Storm must have intended to secrete the money here about the house somewhere until their return from the fishing trip and then make his getaway. But why had he so suddenly changed his mind and evinced willingness to go on the trip at all? Was it to get out of sight and still keep in touch with the progress of the investigation until it had ceased through lack of further evidence to engage the activities of the police?
Or was it to get George himself away? Storm knew his theory; George cursed himself for his stupidity, his blindness! He had descanted at length upon his idea of the murder, and Storm, realizing how dangerously near the truth it was, may have planned to keep him out of mischief until the case was dropped.

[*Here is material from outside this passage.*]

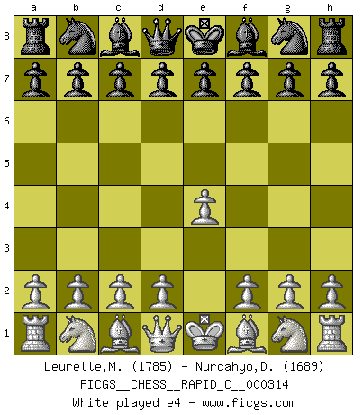 Last move : 1-0 2026 January 11 15:25:50 [Event "FICGS__CHESS__RAPID_C__000314"] [Site "FICGS"] [Date "2025.11.15"] [Round "1"] [White "Leurette,Marc-Antoine"] [Black "Nurcahyo,Dery"] [Result "1-0"] [WhiteElo "1785"] [BlackElo "1689"] 1.e4 e5 2.Nf3 d6 3.d4 Nd7 4.Nc3 f6 5.Bc4 Nb6 6.Bb3 Ne7 7.dxe5 Ng6 8.exf6 gxf6 9.Be3 Bd7 10.Qe2 c6 11.O-O-O Qc7 12.Nd4 Qc8 13.f4 Bg7 14.f5 Ne7 15.Bf4 Qc7 16.g4 O-O-O 17.Ne6 Bxe6 18.Bxe6+ Kb8 19.h4 Ka8 20.g5 fxg5 21.hxg5 Be5 22.Bxe5 dxe5 23.Rxd8+ Qxd8 24.Qh5 Qd4 25.g6 h6 26.g7 Qe3+ 27.Kb1 Rd8 28.f6 1-0 Follow this game move after move (download)Fischer is under obligation to nobody. (Joseph Platz) Ein Kibitz ist einer, der deinem Gegner gute Ratschläge gibt. (Andrew Soltis) Aquellos que dicen entender al Ajedrez, no entienden nada. (Robert Hubner) Mon pion favori sur ma case favorite ! Bronstein en parlant d'un coup de pion en h5 quand il avait les Noirs. I find your interest interesting. (Gregory House, House M.D.)

But was that all he had planned?George stood still, stunned with the thought which came to him. Storm had killed two people and gotten away with it; why not a third? Why not George himself, if he suspected that George was likely to come upon the truth? The red trilogy!
That selection of a deserted lodge hidden miles away in the heart of the wilderness far from the beaten paths for their headquarters during the fishing trip; the determination to be absolutely alone with George, without even the services of a guide; the insistence upon taking the pistol along——!
George eyed the thing with horror and loathing as it lay in the top of the open bag. Then he walked grimly over to it, and picking it up together with the box of cartridges he took it to the table and loaded it with awkward, unaccustomed hands.
There was no doubt in his mind as to the course he must pursue; there had been no question of it, from the first moment when conviction came to him that Storm had killed Horton. Now, at the thought of Leila, a passionate regret that his part was not to be a more active one filled his soul, but it brought no hesitation.
Laying the pistol down he crossed to the door, and as he closed it softly that harsh, stertorous snore came down the stairs once more, and again that primitive instinct to destroy laid hold upon George; but he shook it off resolutely and returned to the desk. Yet with his hand upon the receiver of the telephone he paused.
Dare he speak? That man lying there upstairs in brutish unconsciousness was surely the vilest thing that lived! Yet dare he speak and throw out into the world the knowledge of this fearful thing?
Slowly, determinedly, George lifted the receiver.